* [What this task involves] The lines below from the one with "Квартира-студия в динамично" up to and including the one with "(ইভিএম) ভোট দিতে" are what you should set down, exactly and without pictures.

* [Records for processing]
········
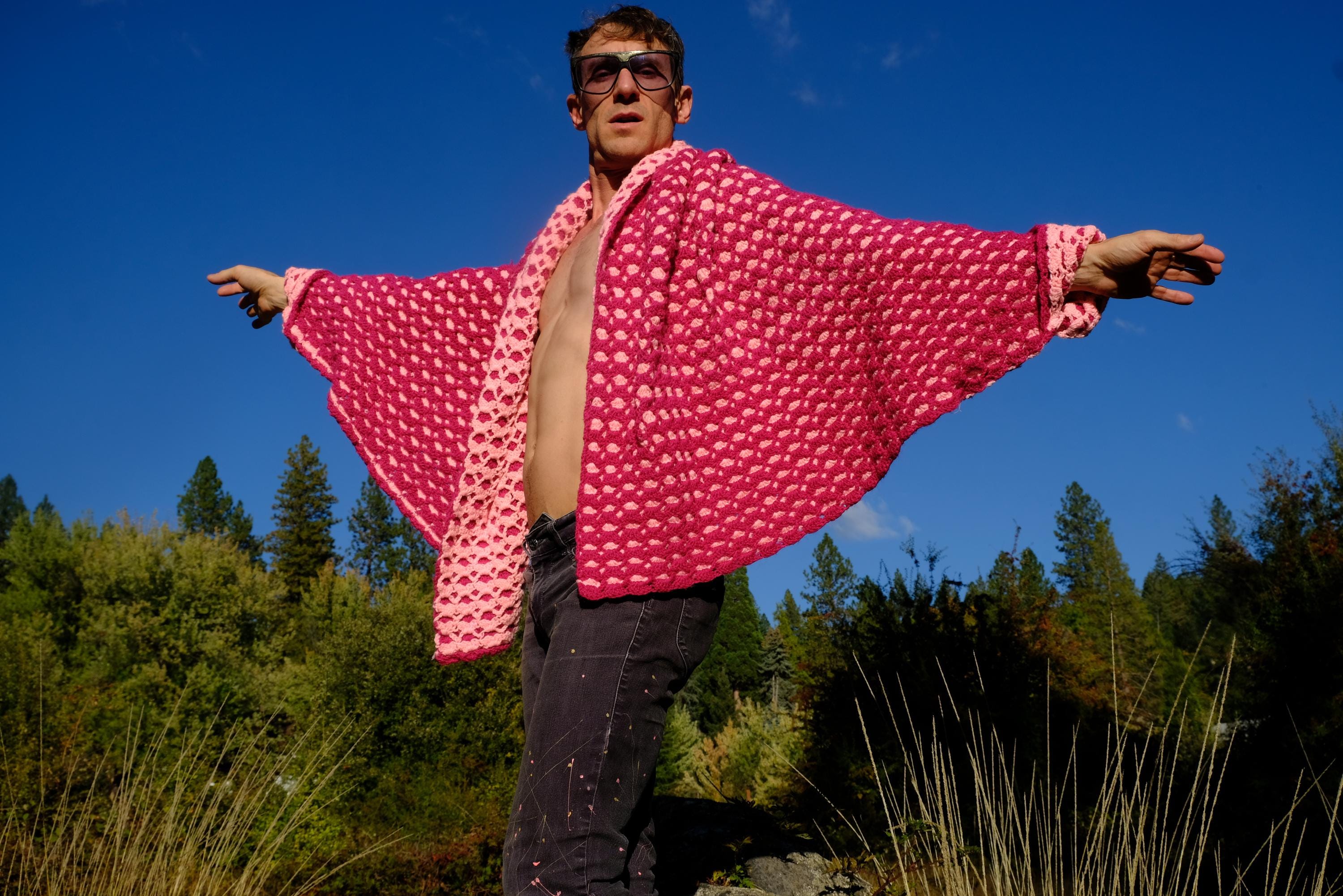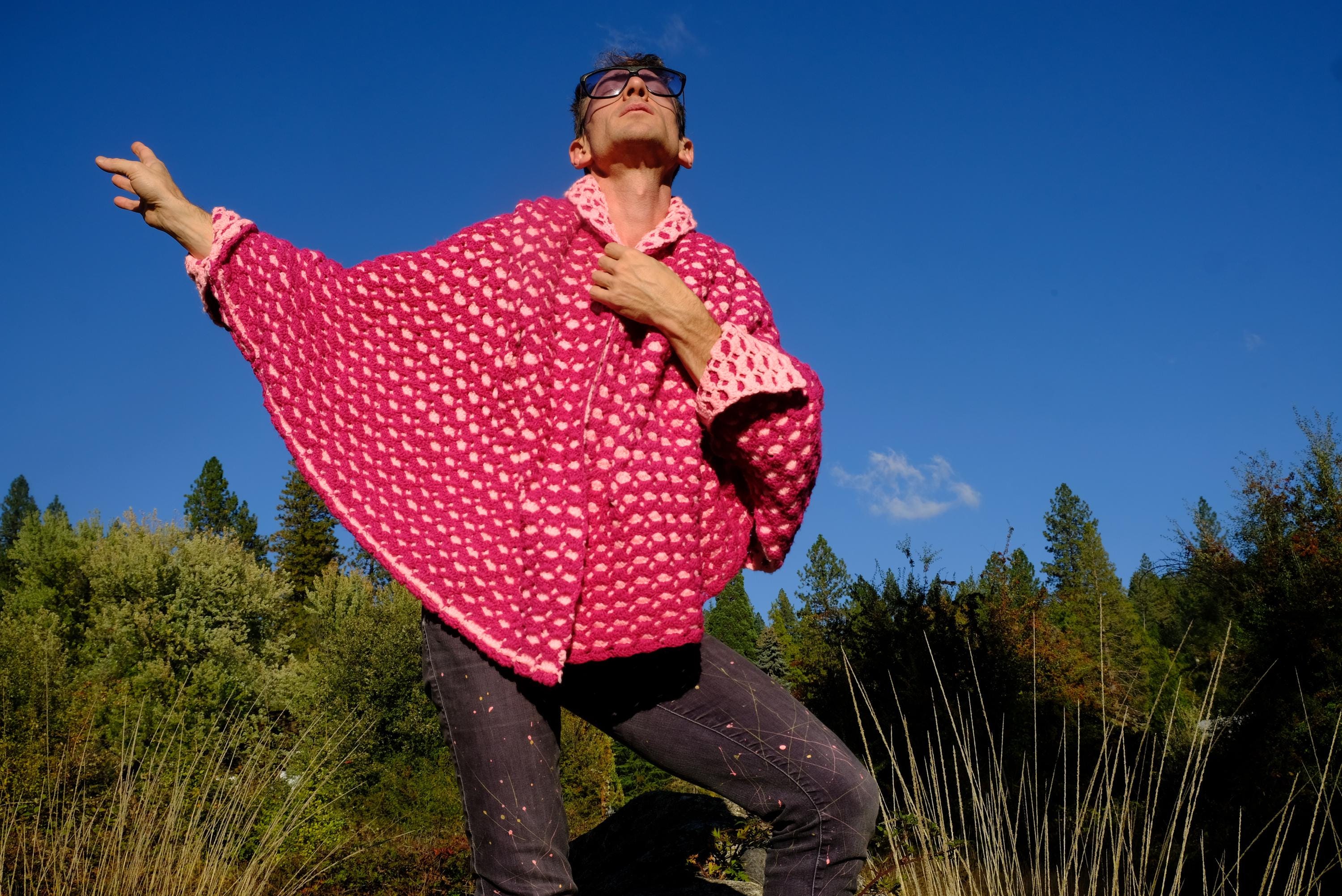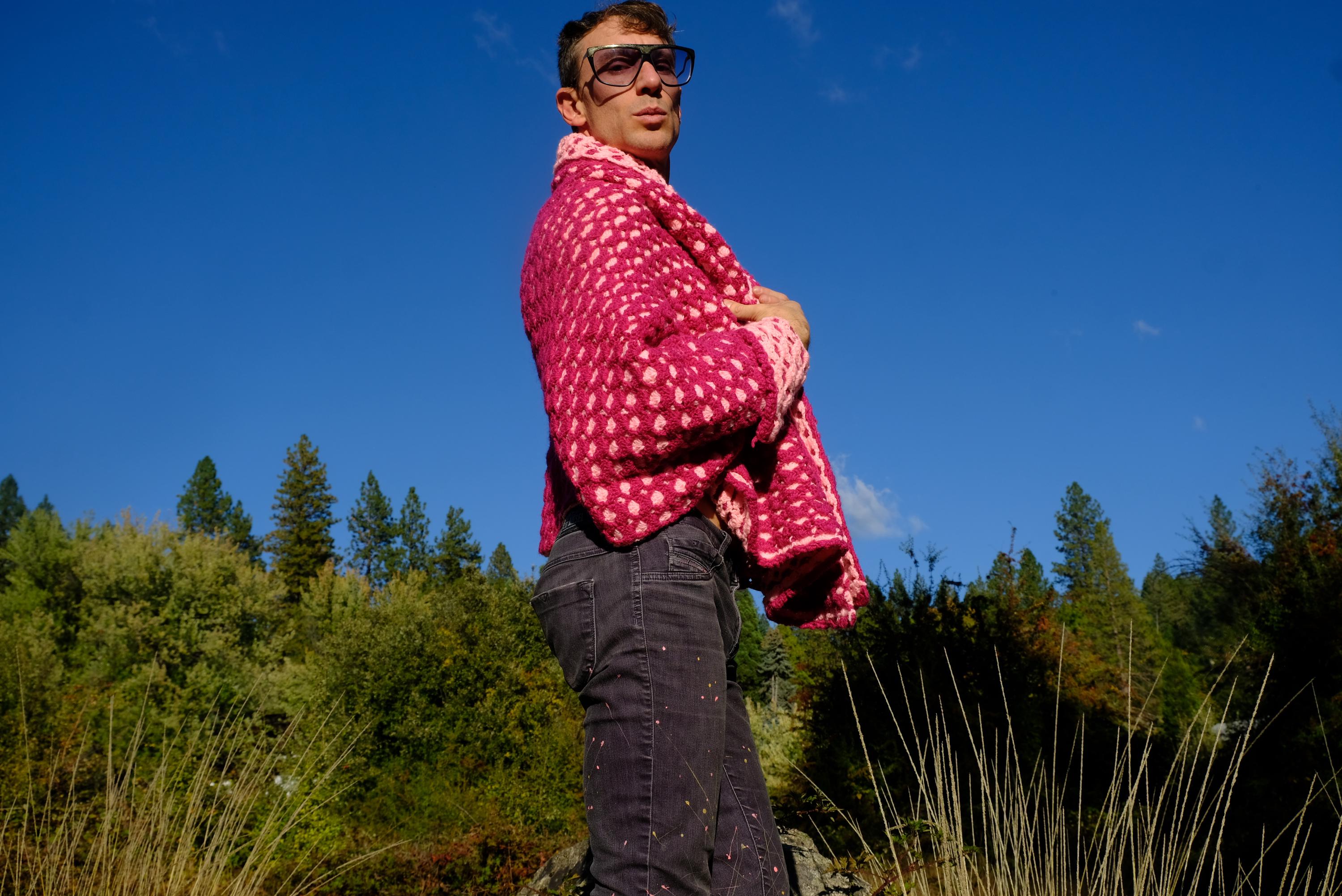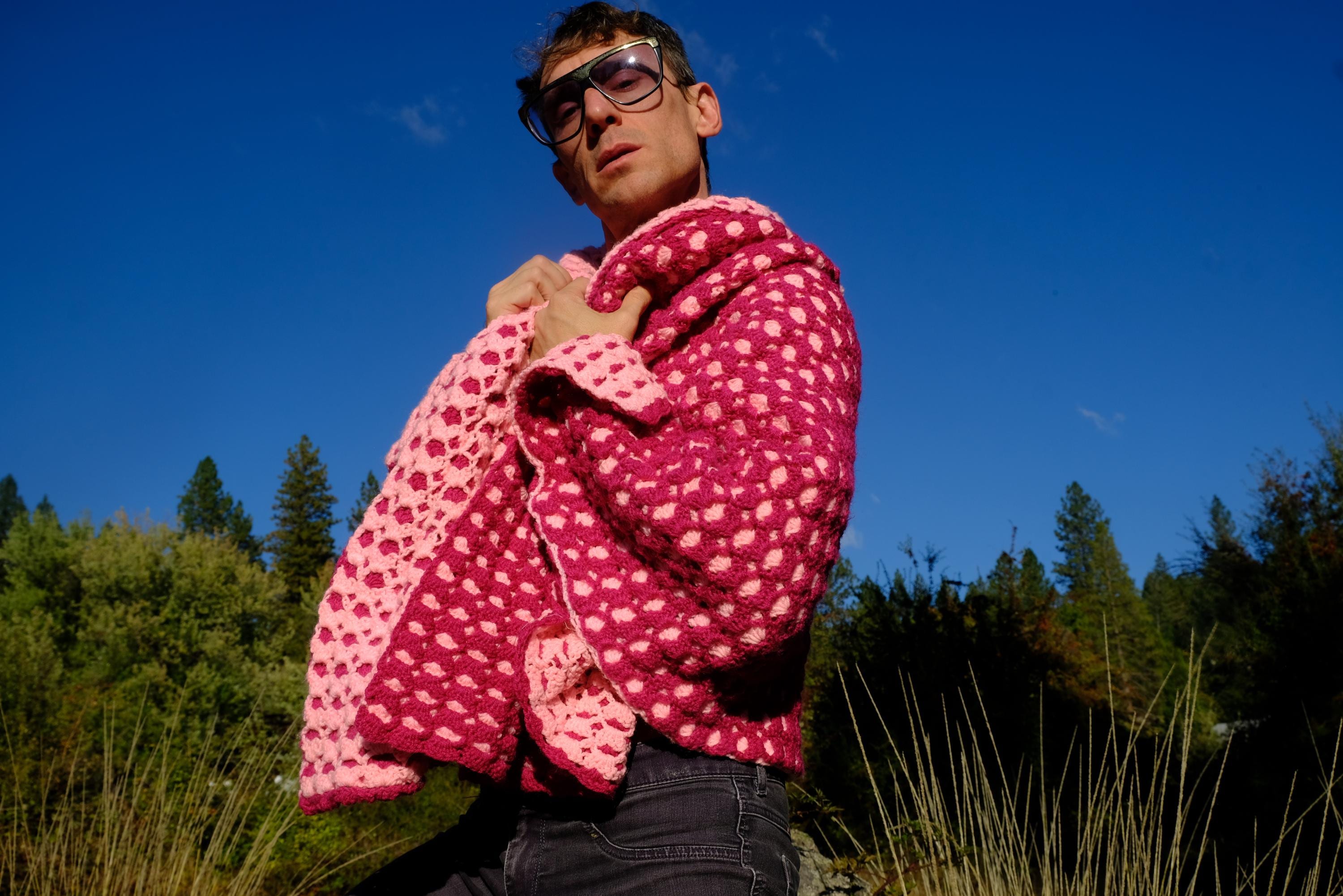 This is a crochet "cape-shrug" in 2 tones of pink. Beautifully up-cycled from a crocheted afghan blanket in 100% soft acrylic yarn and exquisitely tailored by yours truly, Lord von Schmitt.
········
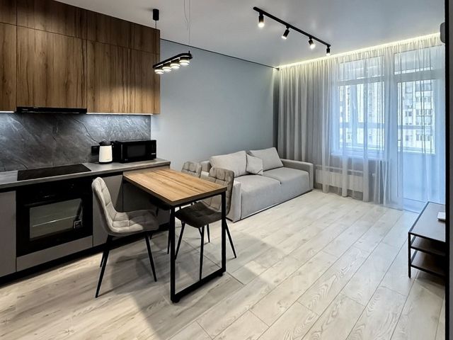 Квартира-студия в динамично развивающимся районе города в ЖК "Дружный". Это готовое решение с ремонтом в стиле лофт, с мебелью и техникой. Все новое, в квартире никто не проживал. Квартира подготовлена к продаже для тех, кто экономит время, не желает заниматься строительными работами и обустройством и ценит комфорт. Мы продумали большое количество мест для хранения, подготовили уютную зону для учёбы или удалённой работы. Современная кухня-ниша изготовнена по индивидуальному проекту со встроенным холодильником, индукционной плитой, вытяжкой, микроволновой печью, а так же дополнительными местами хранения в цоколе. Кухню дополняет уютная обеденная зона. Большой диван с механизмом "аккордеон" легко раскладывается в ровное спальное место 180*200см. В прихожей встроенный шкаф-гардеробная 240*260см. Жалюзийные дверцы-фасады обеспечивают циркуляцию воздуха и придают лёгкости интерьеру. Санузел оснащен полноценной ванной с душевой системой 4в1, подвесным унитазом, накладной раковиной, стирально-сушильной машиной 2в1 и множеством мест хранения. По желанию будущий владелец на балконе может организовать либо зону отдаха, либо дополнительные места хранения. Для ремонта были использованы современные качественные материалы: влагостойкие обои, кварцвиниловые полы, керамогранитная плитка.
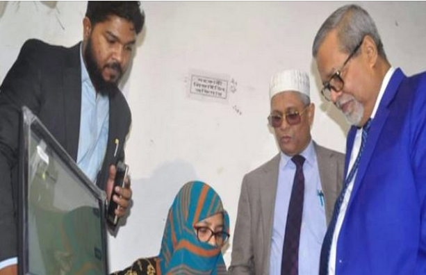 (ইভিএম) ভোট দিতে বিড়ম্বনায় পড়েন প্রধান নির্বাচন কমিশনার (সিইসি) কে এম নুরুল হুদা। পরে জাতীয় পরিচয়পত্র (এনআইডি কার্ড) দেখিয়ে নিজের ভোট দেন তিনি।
········
* [Answer]
 Квартира-студия в динамично развивающимся районе города в ЖК "Дружный". Это готовое решение с ремонтом в стиле лофт, с мебелью и техникой. Все новое, в квартире никто не проживал. Квартира подготовлена к продаже для тех, кто экономит время, не желает заниматься строительными работами и обустройством и ценит комфорт. Мы продумали большое количество мест для хранения, подготовили уютную зону для учёбы или удалённой работы. Современная кухня-ниша изготовнена по индивидуальному проекту со встроенным холодильником, индукционной плитой, вытяжкой, микроволновой печью, а так же дополнительными местами хранения в цоколе. Кухню дополняет уютная обеденная зона. Большой диван с механизмом "аккордеон" легко раскладывается в ровное спальное место 180*200см. В прихожей встроенный шкаф-гардеробная 240*260см. Жалюзийные дверцы-фасады обеспечивают циркуляцию воздуха и придают лёгкости интерьеру. Санузел оснащен полноценной ванной с душевой системой 4в1, подвесным унитазом, накладной раковиной, стирально-сушильной машиной 2в1 и множеством мест хранения. По желанию будущий владелец на балконе может организовать либо зону отдаха, либо дополнительные места хранения. Для ремонта были использованы современные качественные материалы: влагостойкие обои, кварцвиниловые полы, керамогранитная плитка.
 (ইভিএম) ভোট দিতে বিড়ম্বনায় পড়েন প্রধান নির্বাচন কমিশনার (সিইসি) কে এম নুরুল হুদা। পরে জাতীয় পরিচয়পত্র (এনআইডি কার্ড) দেখিয়ে নিজের ভোট দেন তিনি।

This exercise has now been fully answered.